# OTA Through Glass



## Marlin Guy

My new house has not OTA antenna presently, but I was thinking of adding one.
My local market to the South seems to line up well for one of my upstairs attic windows. The attic has a finished floor and tall ceilings and it would be an ideal spot to put the antenna and not have it detract from the architecture at all.

It's a standard dual pane window. How much if any signal loss would occur through something like that if the antenna was right at the window?


----------



## dettxw

Many folks (like me) have OTA antennas in their attics and they work just fine. One thing that can cause problems is metallic material in or under a roof that could shield the antenna from signal, but you may not have such material and you're going to be set up behind a window anyway so you should be good.
How far away are the transmit antennas? Got an idea what OTA antenna you want or need? Some stations still transmit on old upper VHF frequencies so if there are any of those in your area you'll want to make sure that your antenna can handle it.


----------



## Marlin Guy

The target market is 89 miles away, so I'm looking at the Orcas.


----------



## LI-SVT

A couple of thoughts:

Some windows have coatings on them that reduce the signal a lot. If this is the case the antenna may work better placed along the wall.

Indoor antennas can be a bit pesky to set up. Before permanently mounting the antenna in your preferred spot try it in several locations around the room. Also try different heights. You are looking for the sweet spot. Hopefully the sweet spot is not in the middle of the room, or on your favorite chair.

Good luck.


----------



## kenglish

At 89 miles, you need to be on a tall mast/tower, or have a house on a huge hill.
Also, signals at that distance will be extremely weak....the noise level of things in the house will likely interfere with reception, especially an VHF channels.


----------



## gov

Valleys on a roof frequently have a metal liner under the shingles, I never point an attic antenna through a valley.

I have one customer with a TV antenna pointed out a basement window (window is next to walk in door) and the house is on a bluff, ~200 ft above the terrain and 30 miles from 1/2 the locals, and 15 miles further on (in the same direction fortunately), the rest of the locals. The antenna is UHF only and mounted about 15 feet inside the window.

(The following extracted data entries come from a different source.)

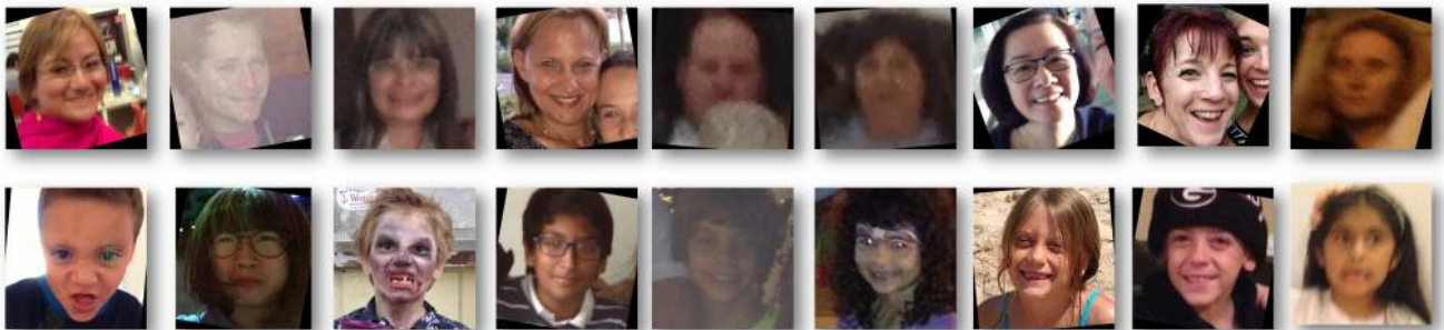
Figure 5. Age misclassifications. Top row: Older subjects mistakenly classified as younger. Bottom row: Younger subjects mistakenly classified as older.
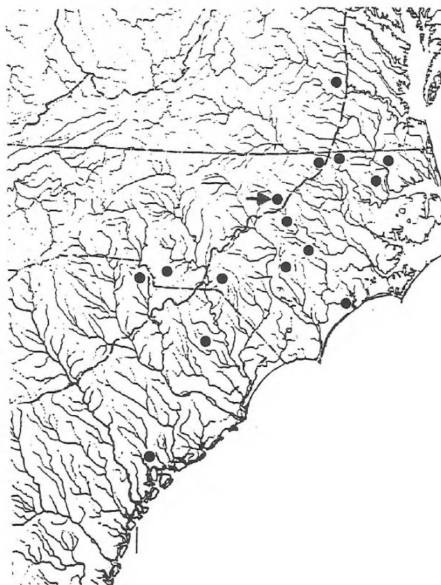
Fig. 1. Distribution records for Collops balteatus in Virginia and the Carolinas. The western edge of the Coastal Plain is approximated by the dashed line. The site of earliest collection (Raleigh, 1958) is indicated by the arrow.

With such a fragmentary background for the beetle, it was a surprise to learn that C. balteatus is abundant and widespread in eastern North Carolina, represented by over 60 specimens from 11 counties in the NCSU collection (Fig. 1). The earliest capture date among this material is 1958, at Raleigh. Since Brimley (1938) did not list the species for North Carolina, it seems reasonable to assume that it arrived there sometime during the following
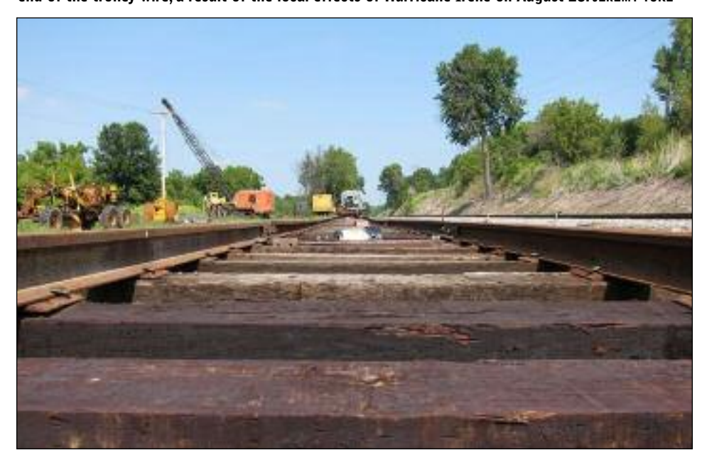
Spikes as far as the eyes can see on September 3! The extension to our passenger car siding has been completed. Now we need to get the ballast deliveries started, but we need your help. Please consider giving to our Donate-A-Ton fundraiser (Online at rgvrrm.org/support). A $20 donation buys a TON of stone and we need at least 150 tons! Please help us continue the progress!

Union Station Museum. We got to talking, and he mentioned that he had tried unsuccessfully to contact our museum, but was not successful. When I introduced myself and let him know where I was from, he immediately donated the sign along with
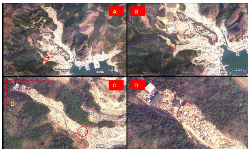
Figure 4. Four satellite images in subsequent zoom-in, from Onagawa Wan and Onagawa town (Miyagi, zone C, 15 maximum run-up). For the same reasons as for Ogatsu, Onagawa was hit by extremely disastrous tsunami run-up reaching 42 meters. In the red circles (photos A, B and C) a 30 m long vessel is shown, at a distance of 750 meters from the coast (elevation 21 m).
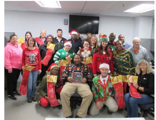
The Dimensional Control (O68) team is pictured with Christmas stockings they stuffed for local children. The group thanked NNS leadership and fellow shipbuilders for supporting the effort.

For more information, search the “Students & New Graduates” portal of the HII Careers website ( www.buildyourcareer.com ) for Job 20453BR.
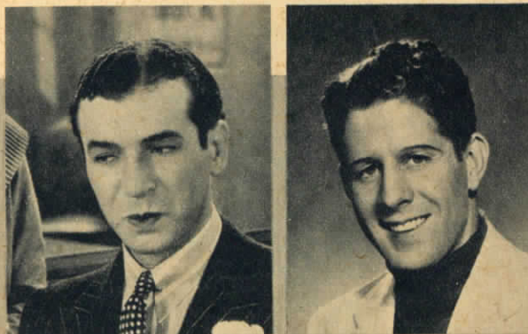
Just as Liberace is today, Harry Richman, left, and Rudy Vallee were targets at height of fame for joke-makers. Despite jests they're still top favorites.

The Lib, shown with devoted brother George, is ardent trencherman. He often consumes two dinners at sitting.
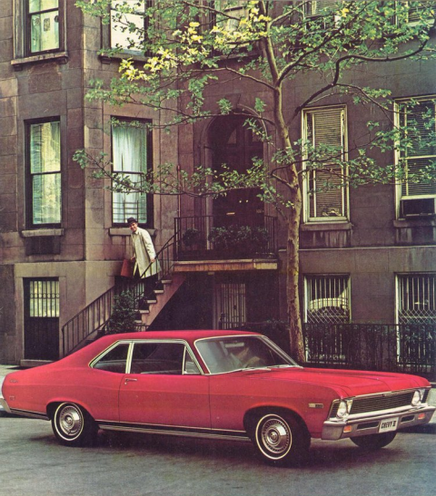
ABOVE: NOVA COUPE, with Custom Exterior. Brightens your car with moldings, trim and a wide black accent band.
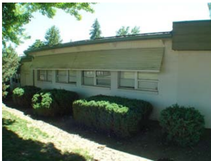
W General Site Masonry wall, vertical irregularity can also be seen.
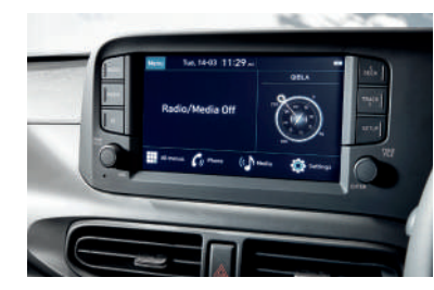
8" Touchscreen HD display
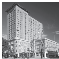
Marriott at Penn Square Lancaster, PA
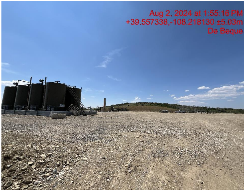
Entrance to location - Photo #04009
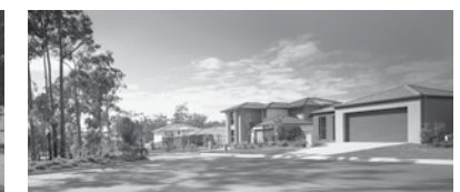
Quality craftsmanship, design innovation and enduring relationships
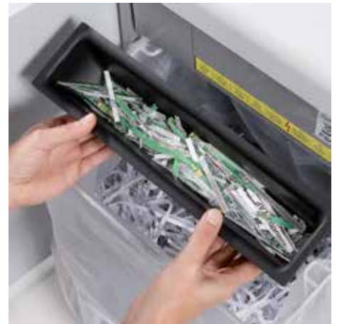
Separate, integrated waste boxes help to sort shredded paper, CDs, DVDs, cheque and credit cards for eco-friendly recycling
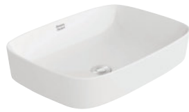
Signature Vessel Basin L550 x W400 x H144mm / NTH 43287.10
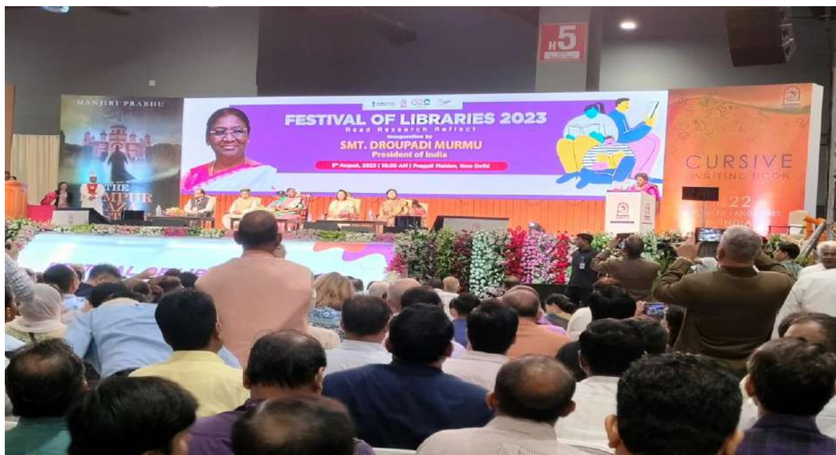
Photograph-3 Smt Mugdha Sinha, Secretary, Ministry of Culture

On the inaugural occasion, Secretary Ministry of Culture, Shri Govind Mohan said that there is a deep connect between Libraries and Museums and there is also a need to have an appropriate mix of physical and digital libraries, and both these issues will be discussed at length during the Festival. Libraries are essential for emotional and mental development and therefore, it is important to revive reading habits among the people. He added that The Festival of Libraries at Delhi will kick off with a series of exciting launch events, exhibitions, and panel discussions. It will also introduce a special ranking system for libraries across India, encouraging healthy competition and progress in the library ecosystem.
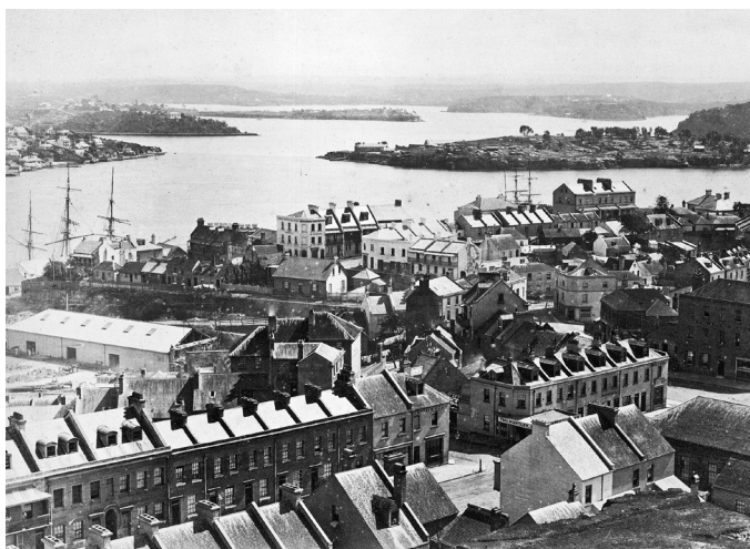
Millers Point 1882
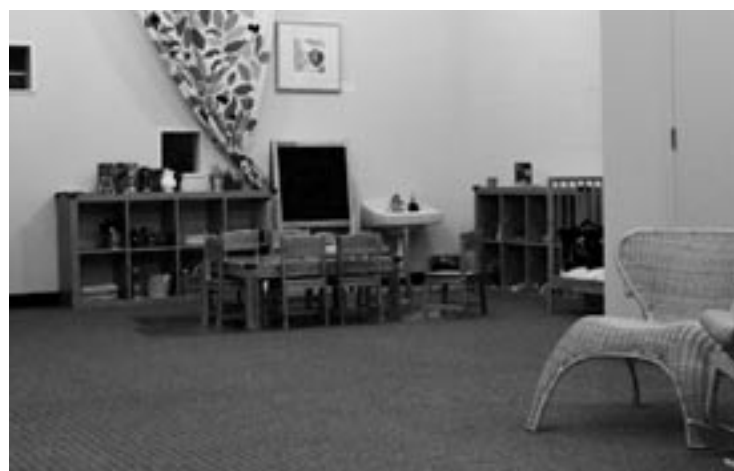
Play space at Bean Work Play Cafe

With Bean's opening, parents have access to a flexible work space, classes, workshops, networking opportunities and a vital community of smart and creative parents. Children, ages 12 months-7th birthday, will enjoy a program that inspires learning and offers play dates on demand. Membership options are available offering discounted childcare rates, class fees and a variety of other benefits. For more information please visit beanworkplaycafe.com or call (404) 828-0810.
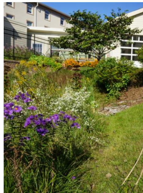
This protected swale is part of the gardens maintained by the StoneRidge Garden Club. The swale contains a variety of native wild plants and flowers including this deep-purple colored aster in the foreground.

*StoneRidge Retirement Living Communities is comprised of four retirement communities in South Central Pennsylvania. Locations include StoneRidge Poplar Run and StoneRidge Towne Centre both in Myerstown and Church of God Home in Carlisle and Schoolyard Square in Pine Grove. For more information about options available for you or a loved one, visit us online at www.StoneRidgeRetirement.com or call us at 717-866-3553. StoneRidge Retirement Living is all about just that—living!
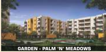
GARDEN - PALM 'N' MEADOWS
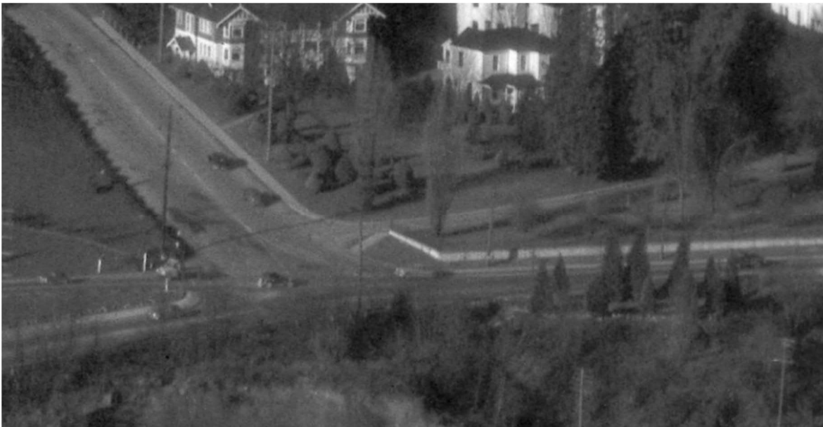
Photo B-6: 1951 oblique aerial with gate columns removed.

I've also mounted an antenna under a deck (and barely a foot above ground level) and shooting through plastic lattice. This house is also on a bluff, and much further (20 miles more) from the towers. The only problem with this one was that the families dog had access to under the deck and liked to chew the antenna. Not the coax, the antenna. I have replaced it twice. The dog seems none the worse for his aluminum addiction.


----------